Can't tell you how strange it is not to blog & not to be blog reading!
We've now been away from home for 2 weeks and 4 days... not that anyones counting ;)
Luke had his first drs appt here last week... he's now 5 lbs 3oz and 19". He's still so small... I mean my last baby was Evan and he was 9 1/2 lbs!! He's way too long for preemie outfits, yet swims in the newborn ones. Been trying to figure out formula feeding, bottles & nipples. I nursed my other two, so its definitely a learning experience to me! Does formula have to smell so dang bad!? Phew! Trying to follow the NICUs orders and beef him up... which means he should not have to try hard at feeding and not be held/passed around so much... both burn up precious calories. People think I'm nuts or something, just trying to follow drs orders! Like all babies, he's got his days & nights mixed up... but I wonder if it's only because mama is so BEAT during the middle of the night!

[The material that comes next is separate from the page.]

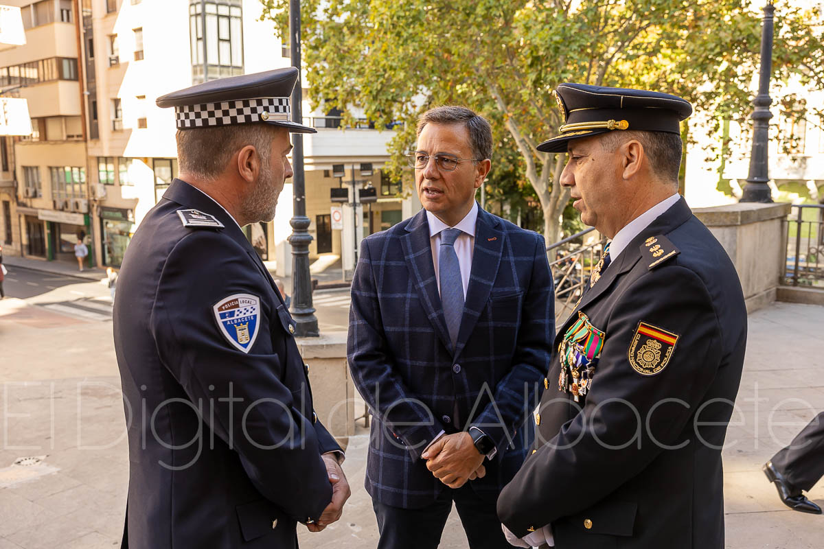 De forma previa a este acto institucional, se celebraba en la Catedral de San Juan Bautista una misa para conmemorar los Santos Ángeles Custodios. En el acto de conmemoración del Día de la Policía Nacional intervenía el Comisario del Cuerpo en Albacete, Antonio Bueno, quien aplaudía el trabajo que realizan todos los efectivos de la Comisaría Provincial con sede en la capital albaceteña. Y es que los agentes del Cuerpo Nacional de Policía velan a diario para garantizar la seguridad de la ciudadanía en Albacete.

Grant is doing better up at the childrens hospital. They're giving him at least a few more weeks before he'll be discharged. Right now they're trying to get him out of critical care and into his own little room under the surgeons care. He's off the ventilator, oxygen, pict line removed and his surgery healing up nicely. He's sort of forgotten how to take a bottle since he's pretty much been sick his entire life thus far. The night nurse did report that he did take one last night! Baby steps, tiny baby steps!
Evan & Jake are doing okay. Jake better than Evan, he always has a blast when we're in Indiana. He loves Mamaw's driveway and all the bikes! He's handling any adjustments really well and goes with the flow. He always starts and ends his day by holding the baby...proud big brother. Evan, well, he's completely opposite. Poor guy isn't sleeping at all... so he's pretty much psychotic now. Could be his age, personality, and/or that he turned 2 1/2 last week. Who knows, but I sure miss fun & sweet Evan.
I'm a little frustrated right now. This is supposed to be a happy & blessed time right now and all I feel is overwhelmed and stressed :(
It's hard being and 18 hrs drive from home. It's even more hard that Greg had to go back to work. We always approach everything as a team and I'm definitely taking his absence hard. We've turned everyone's lives upside down here and I run the risk of appearing ungrateful when I anger at all the opinions & type of help I receive. Beggars can't be choosers, but I can't only bite my tongue so much.
Been driving up every couple days to see Grant. Yesterday started learning more about his medical care that I'll have to do once he's released and we can take him home. I'm intimidated and overwhelmed by it. I actually told them to just show it ALL to me yesterday so hopefully when I go up next it won't seem as bad to me. I would NEVER EVER make a nurse or anything in the medical field. This is totally outside my comfort zone... but I would walk through fire for my children... so bring it on (yikes!) ;)
That's us in a nutshell right now (emphasis on NUTS)!